Stored data
----------------------------------------

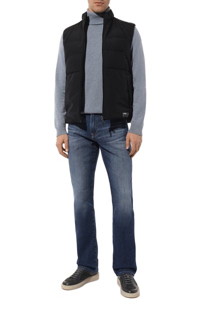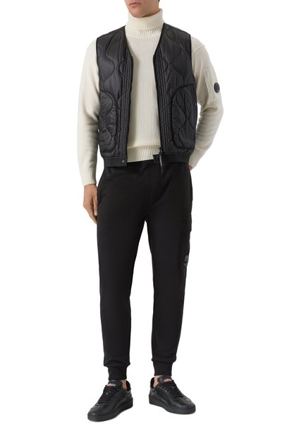 Зеленый жилет сшили из плотного фактурного канваса, который неравномерно окрасили так, что он выглядит слегка выгоревшим на солнце. Спереди разместили врезной и крупные накладные карманы, дополнив один из них нашивкой с культовой эмблемой. Сзади изделие украсили графичным логотипом бренда.
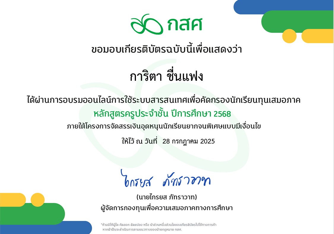 ผ่านการอบรมออนไลน์การใช้งานระบบสารสนเทศ เพื่อคัดกรองนักเรียนทุนเสมอภาค หลักสูตรครูประจำชั้น ปีการศึกษา 2568 ภายใต้โครงการจัดสรรเงินอุดหนุนนักเรียนยากจนพิเศษแบบมีเงื่อนไข |
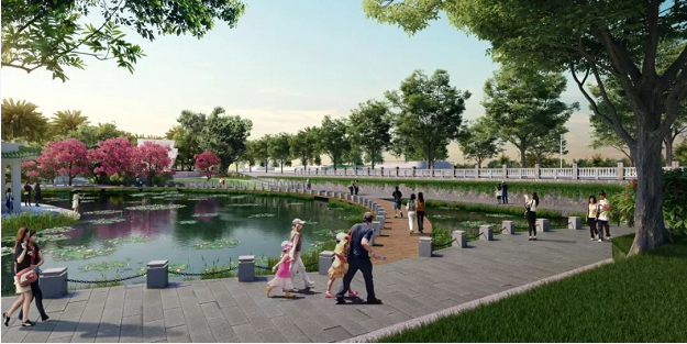 翠湖周围:将建具有文化底蕴的岭南风情园林小品建筑,翠湖中将饲养观赏鱼和习水性植物,营造出动物和植物互生互养的生态观赏水体。
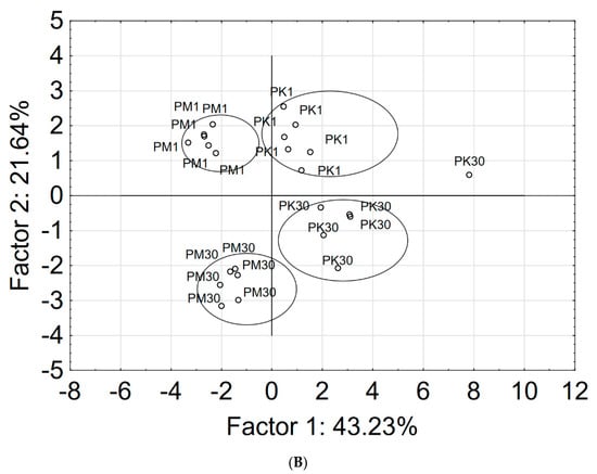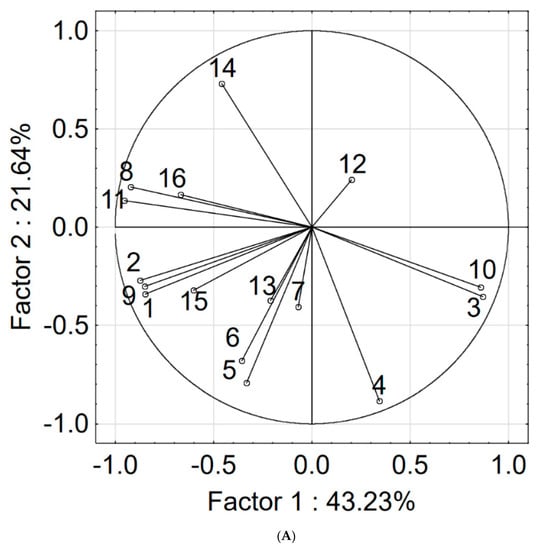 Principal component analysis (PCA) on the correlation matrix for quality indexes in profile analysis of bread with addition of Morus alba fruits and leaves extracts (A) for tested samples and principal components projection (B). Legend: 1—Bitter (taste); 2—Grassy (taste); 3—Salty (taste); 4—Acid (taste); 5—Sweet (taste); 6—Bland (taste); 7—Other (taste); 8—General assessment of taste; 9—Grassy (odor); 10—Acid (odor); 11—Sweet (odor); 12—Bland (odor); 13—Other (odor); 14—General assessment of odor (odor).
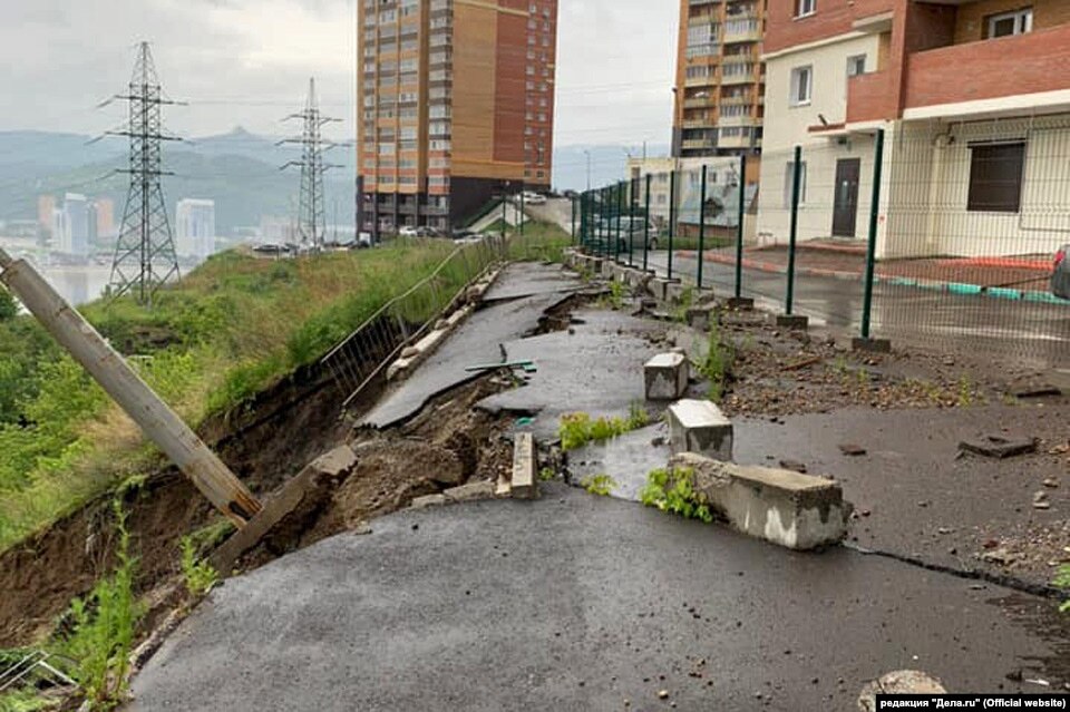 В Красноярске у дома №22 на улице 2-й Огородной в овраг сползла парковка, граница обвала приближается к жилому дому. Власти объявили режим ЧС, сообщается на сайте мэрии.
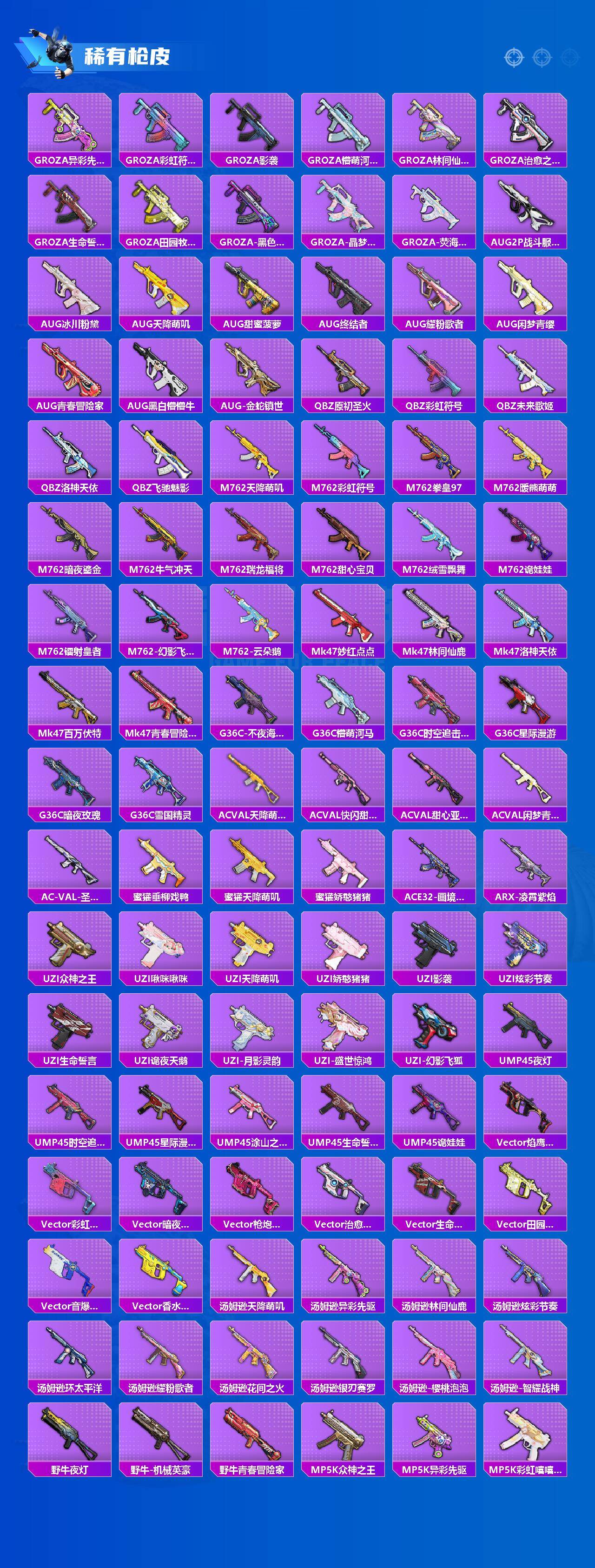 AKM-甜心宝贝,SCAR-L-梦幻火箭,SCAR-L-童趣迷兔,SCAR-L-金蛇镇世,M416-心之恋语,M416-风花雪月,M416-暖熊萌萌,M416-全功率超战,M416-墨龙九天,M416-女娲灵识,GROZA-香水柠檬,GROZA-焦糖拿铁,AUG-超新星,AUG-许七安,M762-甜蜜誓约,M762-鬼刀,UMP45-雪国精灵,UMP45-相思残雪,Vector-环太平洋,汤姆逊-怪笑疯兔,P90-能量风暴,P90-粉樱探戈,Kar98K-巳巳如意,Kar98K-圣域龙灵,AWM-花间之火,SKS-碧影闪光,Mk14-盛世惊鸿,Mk14-樱桃泡泡,AMR-鸢尾晶梦,MG3-洛神天依,MG3-梦幻舞会,平底锅-林间仙鹿,烟雾弹-丁香清露,破片手榴弹-热量炸弹

----------------------------------------

Instructions to follow
With the pictures excluded, the records are to be reproduced exactly.

Task answer
 Зеленый жилет сшили из плотного фактурного канваса, который неравномерно окрасили так, что он выглядит слегка выгоревшим на солнце. Спереди разместили врезной и крупные накладные карманы, дополнив один из них нашивкой с культовой эмблемой. Сзади изделие украсили графичным логотипом бренда.
 ผ่านการอบรมออนไลน์การใช้งานระบบสารสนเทศ เพื่อคัดกรองนักเรียนทุนเสมอภาค หลักสูตรครูประจำชั้น ปีการศึกษา 2568 ภายใต้โครงการจัดสรรเงินอุดหนุนนักเรียนยากจนพิเศษแบบมีเงื่อนไข |
 翠湖周围:将建具有文化底蕴的岭南风情园林小品建筑,翠湖中将饲养观赏鱼和习水性植物,营造出动物和植物互生互养的生态观赏水体。
 Principal component analysis (PCA) on the correlation matrix for quality indexes in profile analysis of bread with addition of Morus alba fruits and leaves extracts (A) for tested samples and principal components projection (B). Legend: 1—Bitter (taste); 2—Grassy (taste); 3—Salty (taste); 4—Acid (taste); 5—Sweet (taste); 6—Bland (taste); 7—Other (taste); 8—General assessment of taste; 9—Grassy (odor); 10—Acid (odor); 11—Sweet (odor); 12—Bland (odor); 13—Other (odor); 14—General assessment of odor (odor).
 В Красноярске у дома №22 на улице 2-й Огородной в овраг сползла парковка, граница обвала приближается к жилому дому. Власти объявили режим ЧС, сообщается на сайте мэрии.
 AKM-甜心宝贝,SCAR-L-梦幻火箭,SCAR-L-童趣迷兔,SCAR-L-金蛇镇世,M416-心之恋语,M416-风花雪月,M416-暖熊萌萌,M416-全功率超战,M416-墨龙九天,M416-女娲灵识,GROZA-香水柠檬,GROZA-焦糖拿铁,AUG-超新星,AUG-许七安,M762-甜蜜誓约,M762-鬼刀,UMP45-雪国精灵,UMP45-相思残雪,Vector-环太平洋,汤姆逊-怪笑疯兔,P90-能量风暴,P90-粉樱探戈,Kar98K-巳巳如意,Kar98K-圣域龙灵,AWM-花间之火,SKS-碧影闪光,Mk14-盛世惊鸿,Mk14-樱桃泡泡,AMR-鸢尾晶梦,MG3-洛神天依,MG3-梦幻舞会,平底锅-林间仙鹿,烟雾弹-丁香清露,破片手榴弹-热量炸弹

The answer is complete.